You can denote the text using the span
tag, like
<span lang="fr">Bonjour!</span>.
If you’re going to use it, have a look at the the common language codes.
title
This is one of my favourite things that came with HTML 4.01. It allows you to add in tooltip text, like the alt
attribute; but now you can add it to absolutely anything. You can give table cells titles, add in extra information to your links, and even hide jokes in your code that will only appear when a reader is on a specific word or sentence in your text.
Deprecated Elements
A deprecated element is one that is on the way out, but one which has been given a few more months to live before its life fully ends. There are much better elements than these available now, so your usage of them should be downscaled as much as possible.
<applet>
- Used to add Java applets. Use the new
<object>
element instead. <basefont>
- Used to affect text on the whole page. Use stylesheets instead.
<center>
- Used to center elements. Use
<div align="center">
or stylesheets. <dir>
- Used to make lists. Use
ul
s instead. Lists tutorial. <font>
- Ah, the classic font element. Still good for small things, but stylesheets have taken over. This is one element you should really try to avoid using.
<isindex>
- Just use the
input
tag. <menu>
- Another type of list that is redundant thanks to the
ul
element. <s>
- Creates strike-through effects. Use the stylesheets again, or the new
del
element. <strike>
- Same as above, use style.
<u>
- The underlining element, use stylesheets or
ins
instead.
Dead Elements
These are the elements that were so useless that they’re out on their asses for good. Never use these, you can’t guarantee the browsers will continue to support them. All three of these elements have been replaced by one new element — so you can see how they were useless.

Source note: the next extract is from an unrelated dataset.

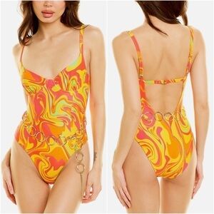 NWOT WeWoreWhat One Piece Swimsuit Danielle 3.0 Retro Swirl Gold Chain Belt Cherry Red Multi XS
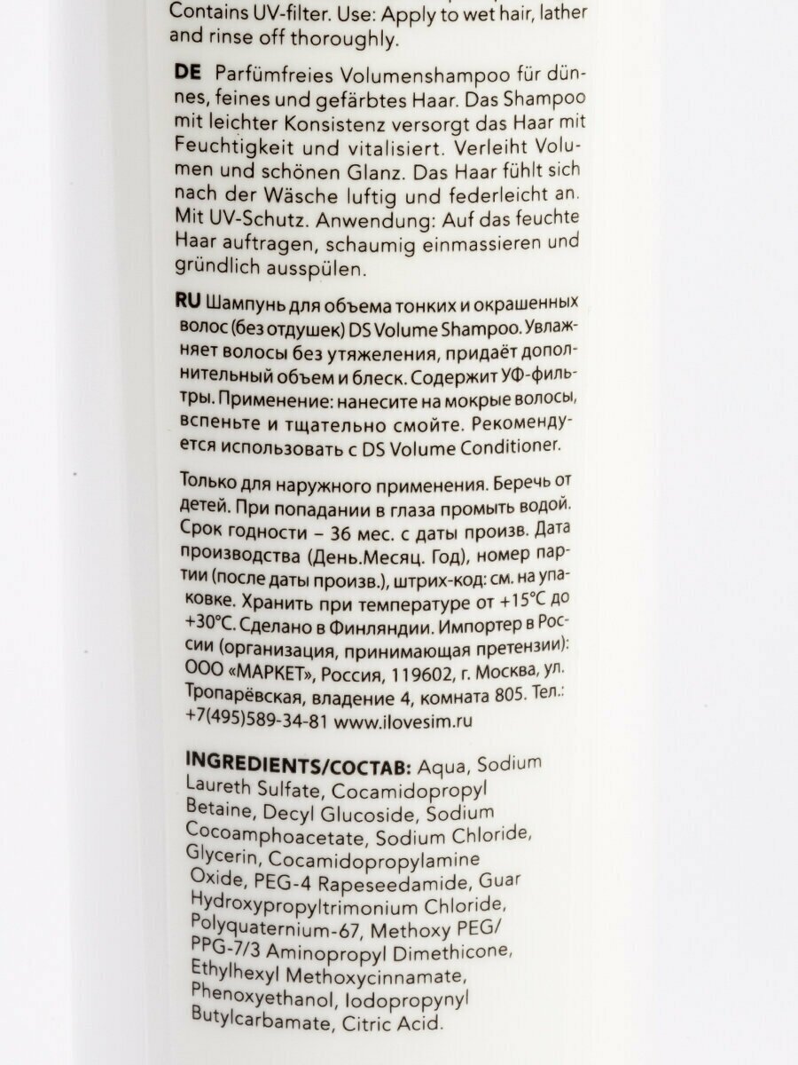 Ds volume shampoo шампунь для объема тонких и окрашеных волос (без отдушек) фл. 250мл Сим Финланд Ой (488811)

<listing>, <plaintext>, and <xmp>.
Use pre
instead. This creates PREformatted text (text which follows its layout in your code).

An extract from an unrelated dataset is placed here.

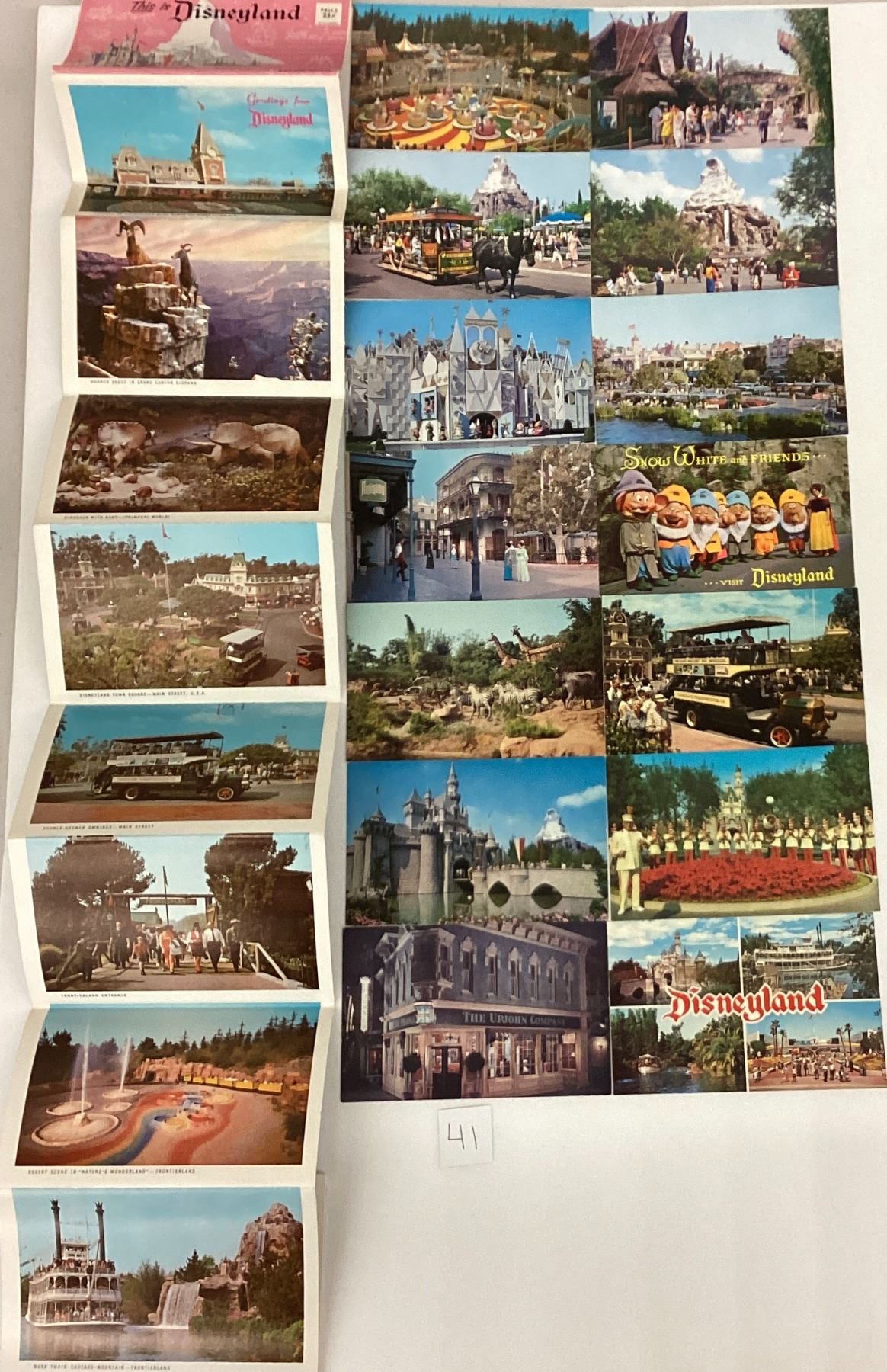 Over 65 Disneyland postcards. Standard size chrome, 1 folder.

And that’s the lot. By this stage, you are encouraged to use all of these elements. Most people have either upgraded their browsers or bought computers with the newest software on it, so the majority of the web audience are on the same level. That said, there are some elements here that still aren’t supported in even the newest browsers, so test your pages out before you go using any of these elements.